__PROMPT__
Leave the pictures out and restate each entry below word for word.

*** DATASET EXTRACT ***

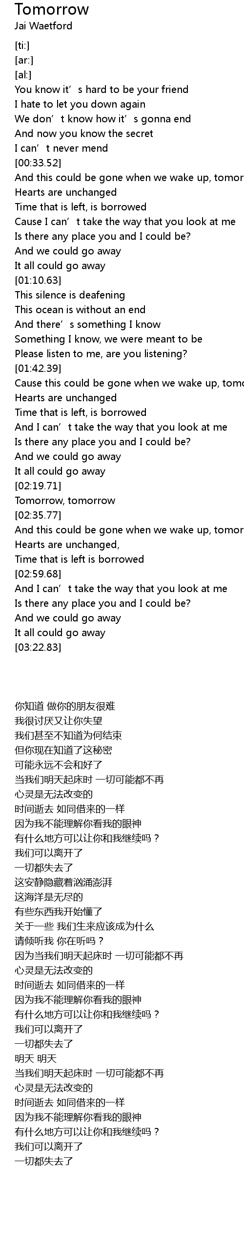 | [00:33.77] | 当我们明天起床时 一切可能都不再 |
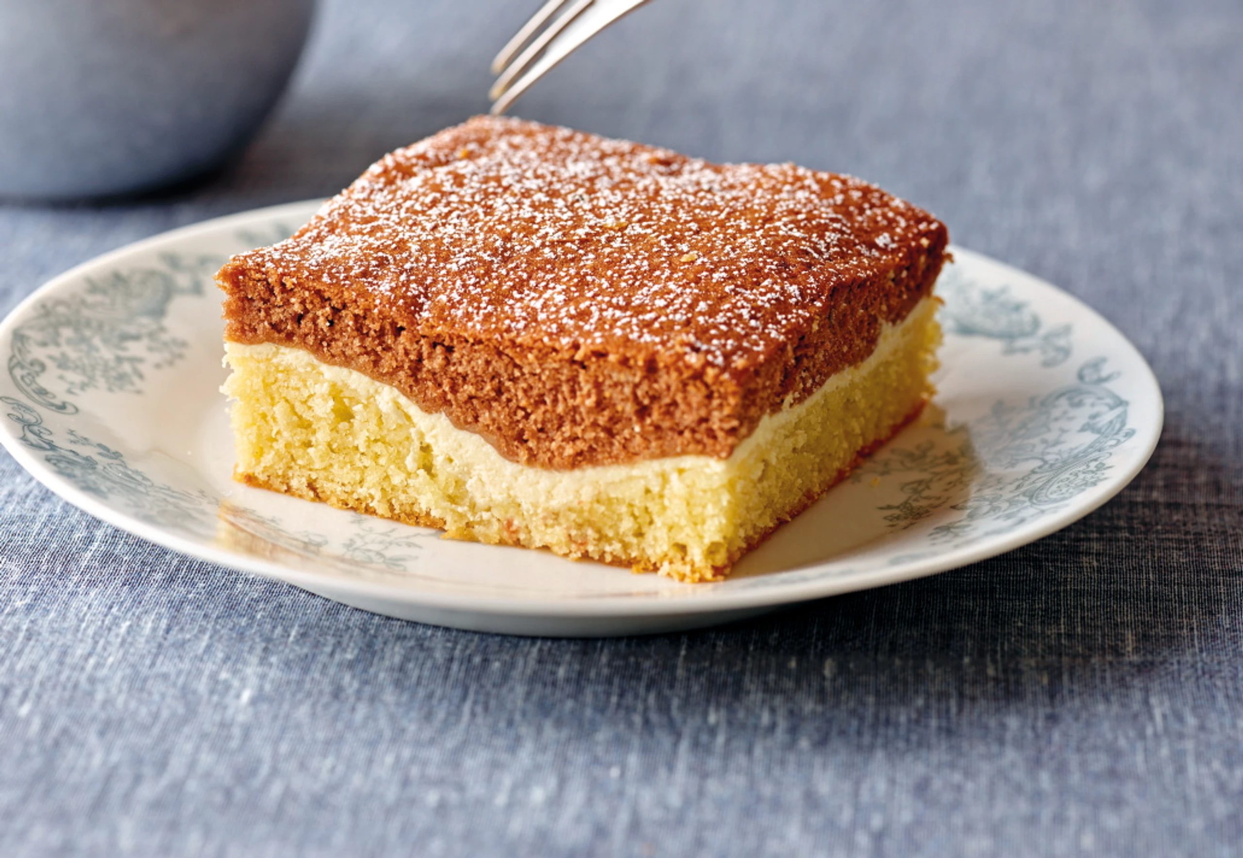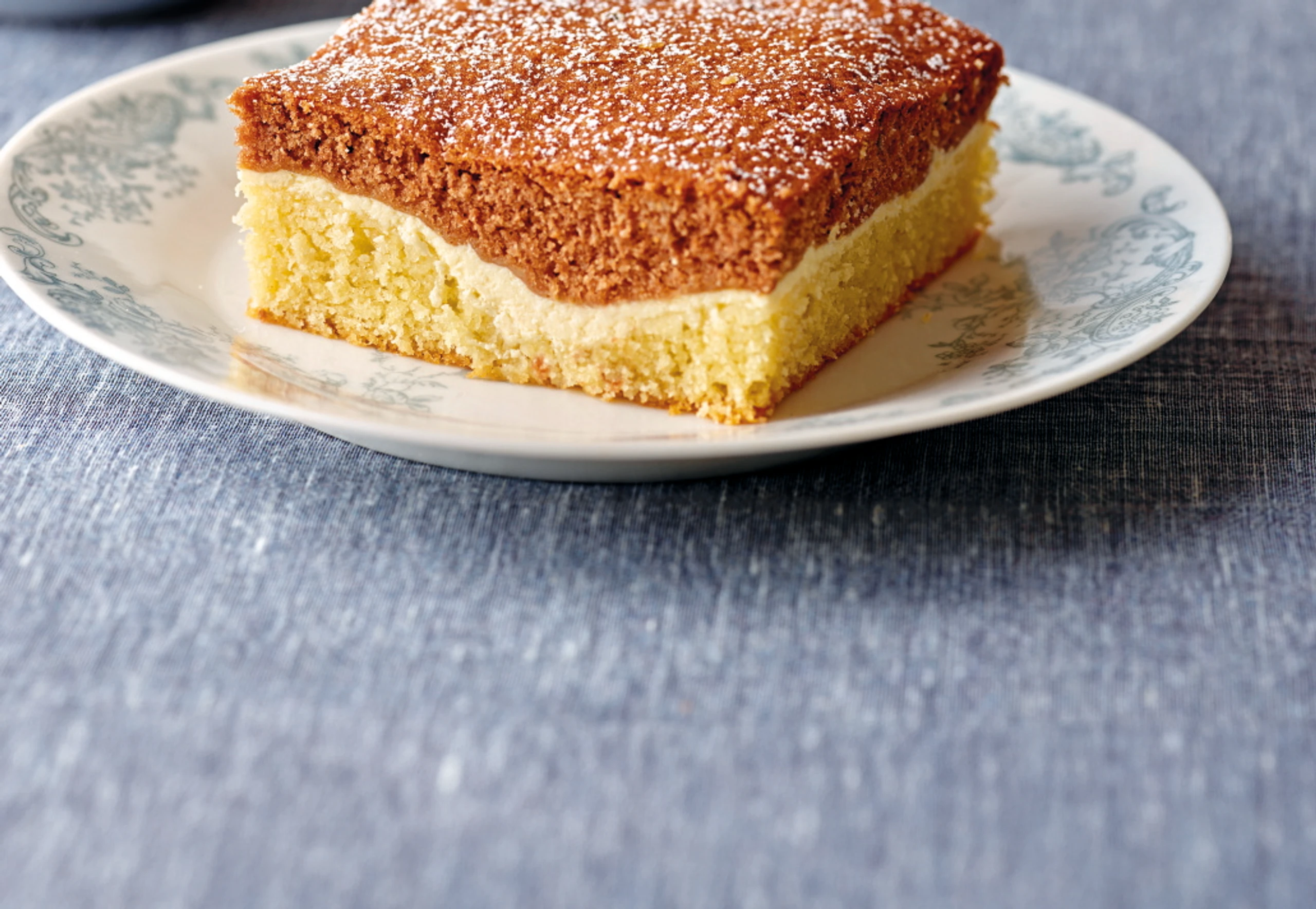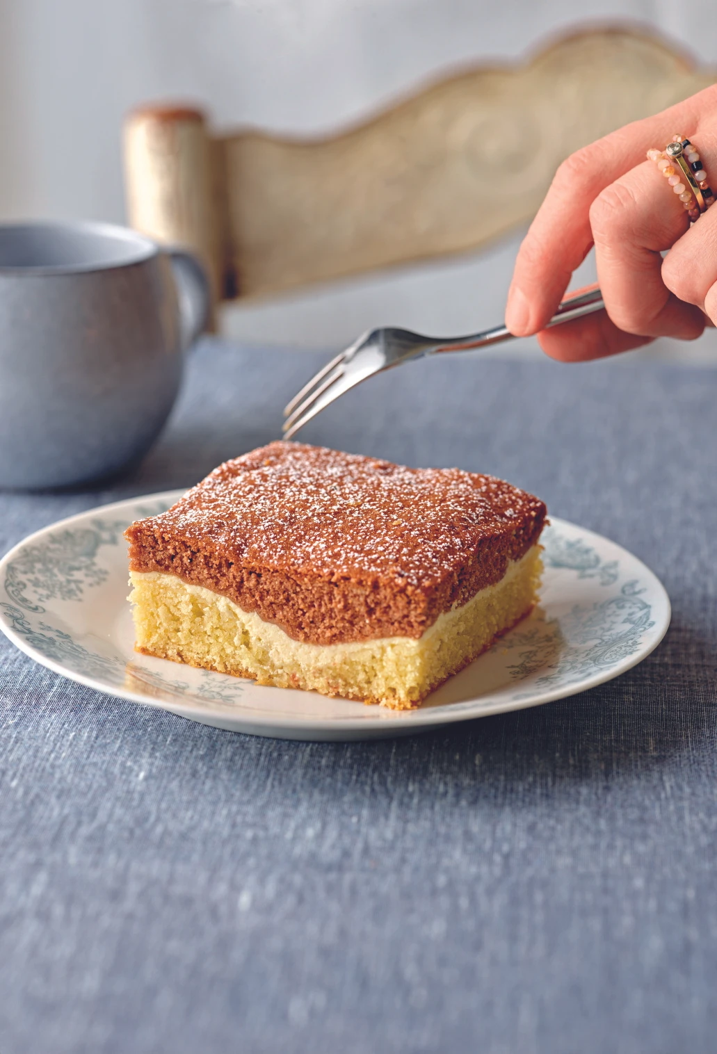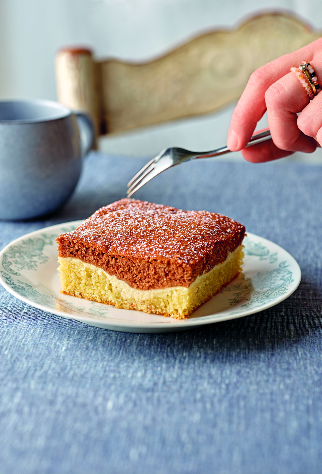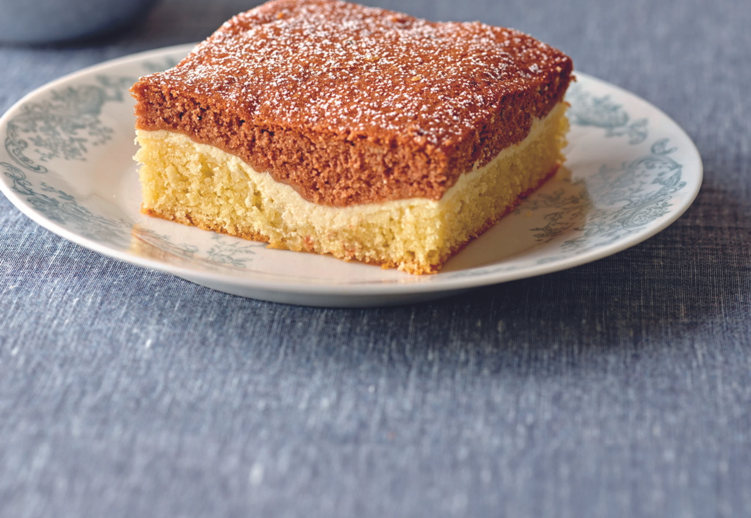 Im Rohr (mittlere Schiene) ca. 50 Minuten backen. Herausnehmen, auskühlen lassen, in 8 x 8 cm große Stücke schneiden und mit Staubzucker besieben.
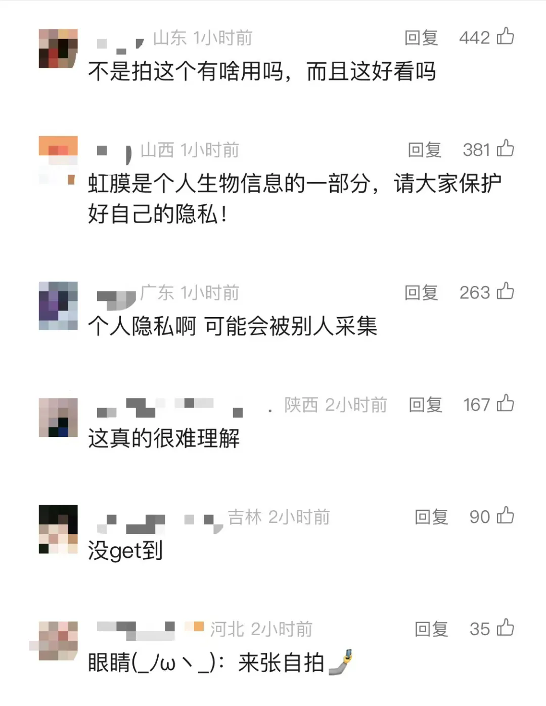 虹膜寫真走紅后,不少網(wǎng)友質(zhì)疑其安全性,表示“個人隱私可能會被采集”。
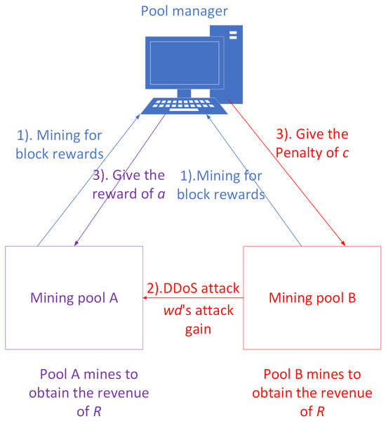 (1). means that pool A and pool B are both mining honestly, so they both obtain R. This DDoS attack scenario is illustrated in Figure 4.
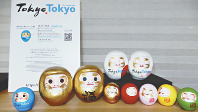 この「はっぴーだるま」、大きさは各種あるが、人気があるのは高さ9㎝、5㎝の可愛いサイズ。色も、金、青、緑、ピンクなど10色もあり、顔はどれも金色の塗料で描かれている。2年前から西新井本町を拠点にだるまの製造・販売をしている「㈱Crista(クリスタ)」の商品だ。鳳凰の髭に龍の眉というオリジナルのデザインで、商標登録、意匠登録も済ませている。
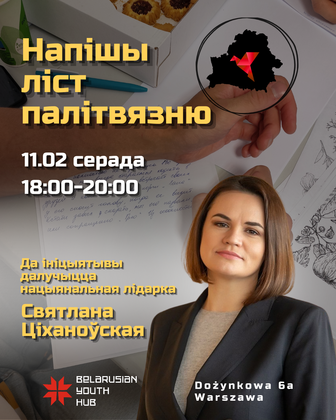 • Evening of writing letters to political prisoners with Sviatlana Tsikhanouskaya
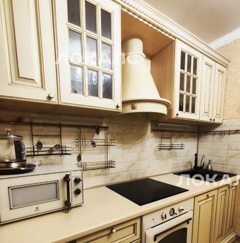 Стильная кухня оборудована встраиваемой импортной техникой, большое количество выдвижных ящиков и мест хранений, предоставлена мелкая бытовая техника для комфортного проживания, имеется выход на лоджию с дополнительной зоной хранения.
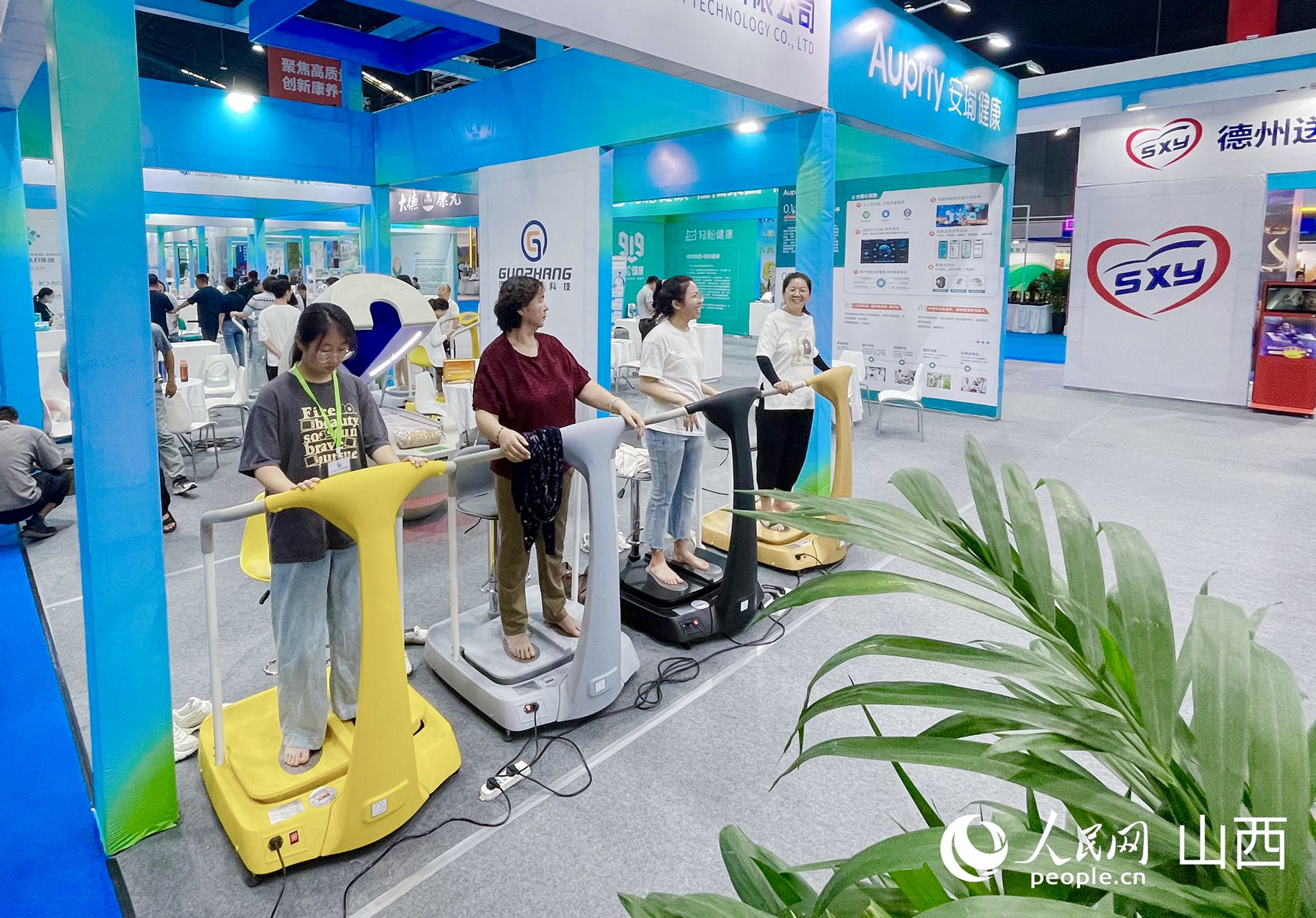 游客體驗(yàn)康養(yǎng)科技儀器。人民網(wǎng)記者 王帆攝
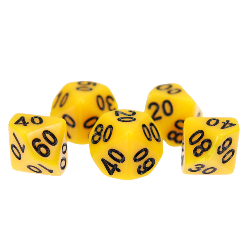 Komplet dziesięciu kości dziesięciościennych numerowanych 0-9 i 00-90. Niezwykle wysoka jakość odlewu, precyzja żłobienia oraz malowania numerów czynią z nich podstawowy wybór dla wielu graczy, zarówno początkujących, jak i zaawansowanych.
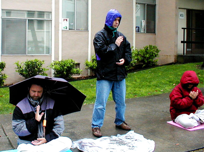 4. 营救李祥春──纽约非裔法轮功学员静坐五天请愿 加拿大法轮功学员中使馆前抗议(图)
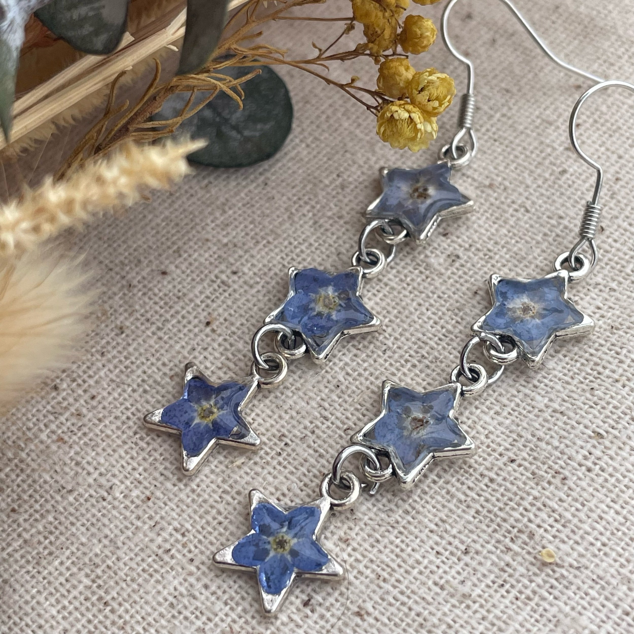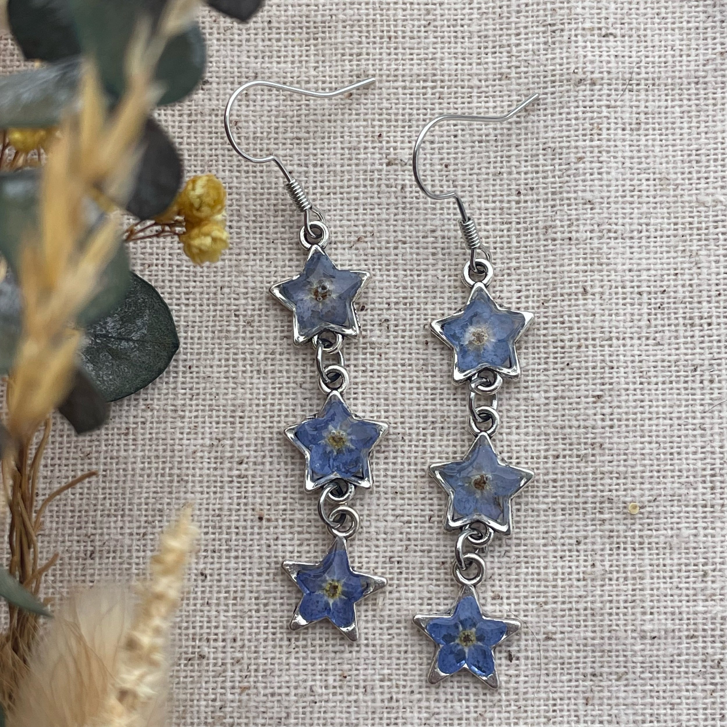 Image 1 of 3 Image 2 of 3 Image 3 of 3 Tess earrings $30.00 Starry night forget me not earrings! Hypoallergenic Quantity: Add To Cart Added! Starry night forget me not earrings! Hypoallergenic
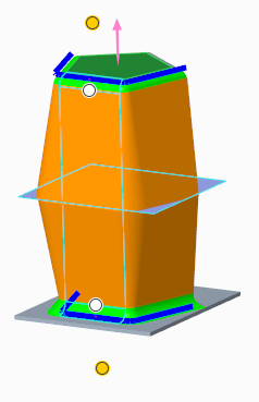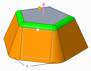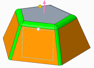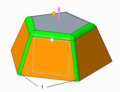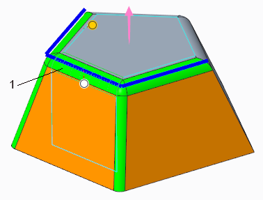 您可以选择其中一个连接倒圆角或倒角的曲面作为拔模枢轴。枢轴曲面必须与选择进行拔模的曲面相邻。系统将使用位于连接倒圆角或倒角底部的边作为种子,来生成定义枢轴的边链。沿边链方向的倒圆角或倒角的大小可以不同。
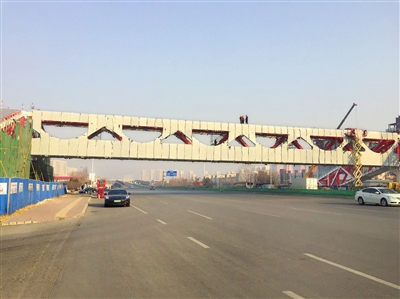 2019年12月28日,记者在津涞公路现场看到,该路段上一座人行天桥已初具规模,该桥横跨几十米宽的津涞公路且中间没有任何立柱支撑,对桥下机动车通行并无影响。

***

__SOLUTION TO THE EXERCISE__
 | [00:33.77] | 当我们明天起床时 一切可能都不再 |
 Im Rohr (mittlere Schiene) ca. 50 Minuten backen. Herausnehmen, auskühlen lassen, in 8 x 8 cm große Stücke schneiden und mit Staubzucker besieben.
 虹膜寫真走紅后,不少網(wǎng)友質(zhì)疑其安全性,表示“個人隱私可能會被采集”。
 (1). means that pool A and pool B are both mining honestly, so they both obtain R. This DDoS attack scenario is illustrated in Figure 4.
 この「はっぴーだるま」、大きさは各種あるが、人気があるのは高さ9㎝、5㎝の可愛いサイズ。色も、金、青、緑、ピンクなど10色もあり、顔はどれも金色の塗料で描かれている。2年前から西新井本町を拠点にだるまの製造・販売をしている「㈱Crista(クリスタ)」の商品だ。鳳凰の髭に龍の眉というオリジナルのデザインで、商標登録、意匠登録も済ませている。
 • Evening of writing letters to political prisoners with Sviatlana Tsikhanouskaya
 Стильная кухня оборудована встраиваемой импортной техникой, большое количество выдвижных ящиков и мест хранений, предоставлена мелкая бытовая техника для комфортного проживания, имеется выход на лоджию с дополнительной зоной хранения.
 游客體驗(yàn)康養(yǎng)科技儀器。人民網(wǎng)記者 王帆攝
 Komplet dziesięciu kości dziesięciościennych numerowanych 0-9 i 00-90. Niezwykle wysoka jakość odlewu, precyzja żłobienia oraz malowania numerów czynią z nich podstawowy wybór dla wielu graczy, zarówno początkujących, jak i zaawansowanych.
 4. 营救李祥春──纽约非裔法轮功学员静坐五天请愿 加拿大法轮功学员中使馆前抗议(图)
 Image 1 of 3 Image 2 of 3 Image 3 of 3 Tess earrings $30.00 Starry night forget me not earrings! Hypoallergenic Quantity: Add To Cart Added! Starry night forget me not earrings! Hypoallergenic
 您可以选择其中一个连接倒圆角或倒角的曲面作为拔模枢轴。枢轴曲面必须与选择进行拔模的曲面相邻。系统将使用位于连接倒圆角或倒角底部的边作为种子,来生成定义枢轴的边链。沿边链方向的倒圆角或倒角的大小可以不同。
 2019年12月28日,记者在津涞公路现场看到,该路段上一座人行天桥已初具规模,该桥横跨几十米宽的津涞公路且中间没有任何立柱支撑,对桥下机动车通行并无影响。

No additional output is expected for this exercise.